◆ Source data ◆

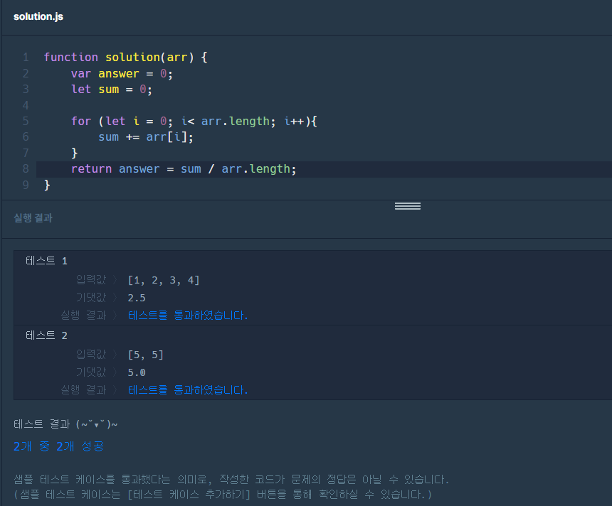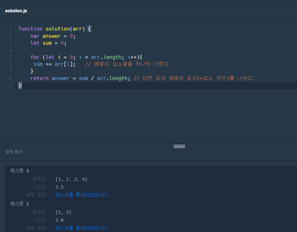 배열 내 평균값을 구하는 함수라서 배열들의 수를 더해주고 배열의 길이만큼 나눠주면 됬었기에 사실상 10일차 문제랑 비슷하다고 생각해서 풀었다.
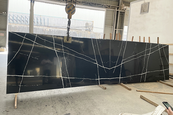 Regarding black quartz slabs, we have several types of calacatta black quartz colors with white veins, like Nero marquina design and with golden veins. The black quartz slabs are helpful in improving high-grade sense for kitchen and hotel. However, the reason why black quartz slab is more expensive is its difficulty in polishing. During polishing process, black quartz slab is easy to have some marks and other quality problems. To avoid these problems, we need to polish for several times, which raises up the production cost. Therefore, the general price of each quartz color depends on not only raw materials cost, but also the efficiency of manufacturing this quartz color. To improve this efficiency, we have different quartz manufacturing sites to manufacture certain quartz colors. In details, our Tianjin factory manufacture mainly simple quartz colors, while our Xiamen factory manufacture high-grade and difficult calacatta quartz slabs. With this arrangement, we could keep our products stable in quality and obviously improve our efficiency in production.
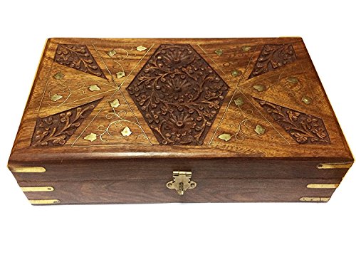 Thanks Giving Gift for your Loved OnesWooden Jewelry Box, corner carving inlay storage box, Vintage Box, Keepsake Box 10X6 inch.
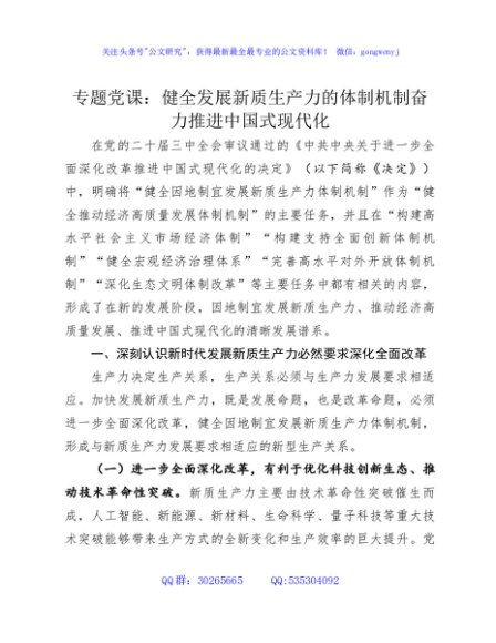 / 专题党课:健全发展新质生产力的体制机制奋力推进中国式现代化
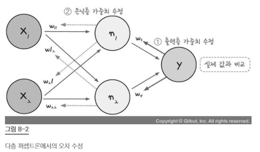 - 결과값의 오차를 구해 이를 토대로 하나 앞선 가중치를 차례로 거슬러 올라가며 조정한다. → 계산 방향이 출력층에서 시작하는데 이를 오차 역전파(back propagation)이라고 한다.
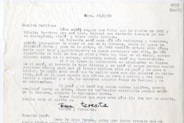 Habla de su trabajo y su intento de pedir la residencia en Perú. Además incluye carta de su nuera donde habla de su hija Teresita y de su estadía en Punta Hermosa.
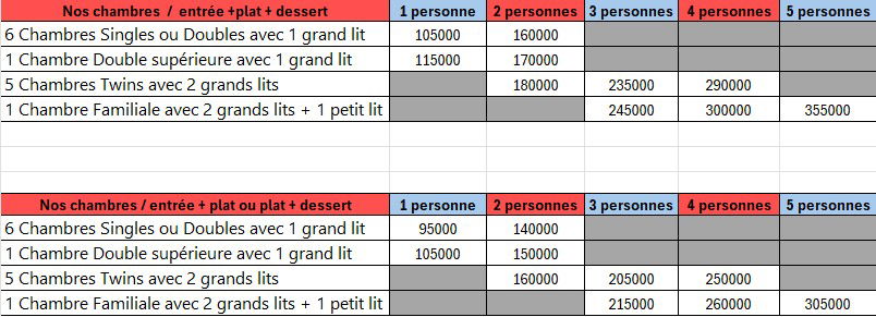 * Toutes nos réservations des chambres se font uniquement en demi-pension( Diner / chambre )
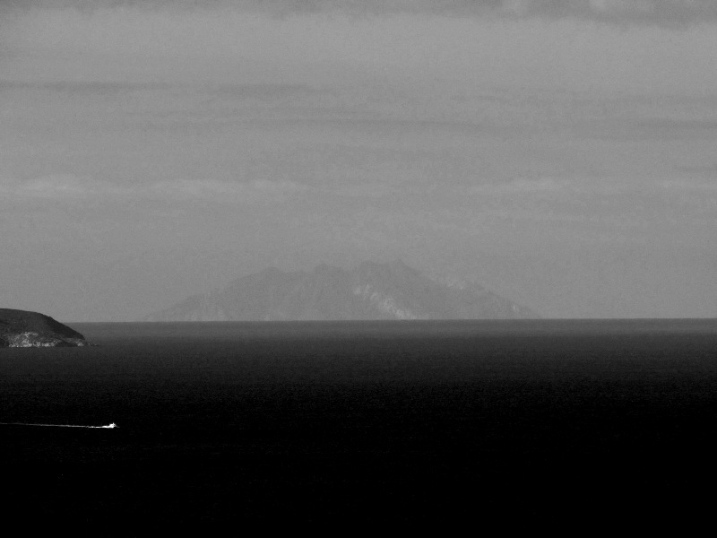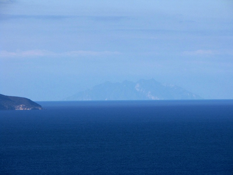 Si sa che le foto panoramiche e da lontano fatte con macchinette giocattolo, non rendono l'idea, ma guardate dietro Montecristo oggi come si vedeva la corsica...

◆ AIM OF THE TASK ◆
Reproduce the records above exactly, leaving out every picture they contain.

◆ SOLUTION TO THIS EXERCISE ◆
 배열 내 평균값을 구하는 함수라서 배열들의 수를 더해주고 배열의 길이만큼 나눠주면 됬었기에 사실상 10일차 문제랑 비슷하다고 생각해서 풀었다.
 Regarding black quartz slabs, we have several types of calacatta black quartz colors with white veins, like Nero marquina design and with golden veins. The black quartz slabs are helpful in improving high-grade sense for kitchen and hotel. However, the reason why black quartz slab is more expensive is its difficulty in polishing. During polishing process, black quartz slab is easy to have some marks and other quality problems. To avoid these problems, we need to polish for several times, which raises up the production cost. Therefore, the general price of each quartz color depends on not only raw materials cost, but also the efficiency of manufacturing this quartz color. To improve this efficiency, we have different quartz manufacturing sites to manufacture certain quartz colors. In details, our Tianjin factory manufacture mainly simple quartz colors, while our Xiamen factory manufacture high-grade and difficult calacatta quartz slabs. With this arrangement, we could keep our products stable in quality and obviously improve our efficiency in production.
 Thanks Giving Gift for your Loved OnesWooden Jewelry Box, corner carving inlay storage box, Vintage Box, Keepsake Box 10X6 inch.
 / 专题党课:健全发展新质生产力的体制机制奋力推进中国式现代化
 - 결과값의 오차를 구해 이를 토대로 하나 앞선 가중치를 차례로 거슬러 올라가며 조정한다. → 계산 방향이 출력층에서 시작하는데 이를 오차 역전파(back propagation)이라고 한다.
 Habla de su trabajo y su intento de pedir la residencia en Perú. Además incluye carta de su nuera donde habla de su hija Teresita y de su estadía en Punta Hermosa.
 * Toutes nos réservations des chambres se font uniquement en demi-pension( Diner / chambre )
 Si sa che le foto panoramiche e da lontano fatte con macchinette giocattolo, non rendono l'idea, ma guardate dietro Montecristo oggi come si vedeva la corsica...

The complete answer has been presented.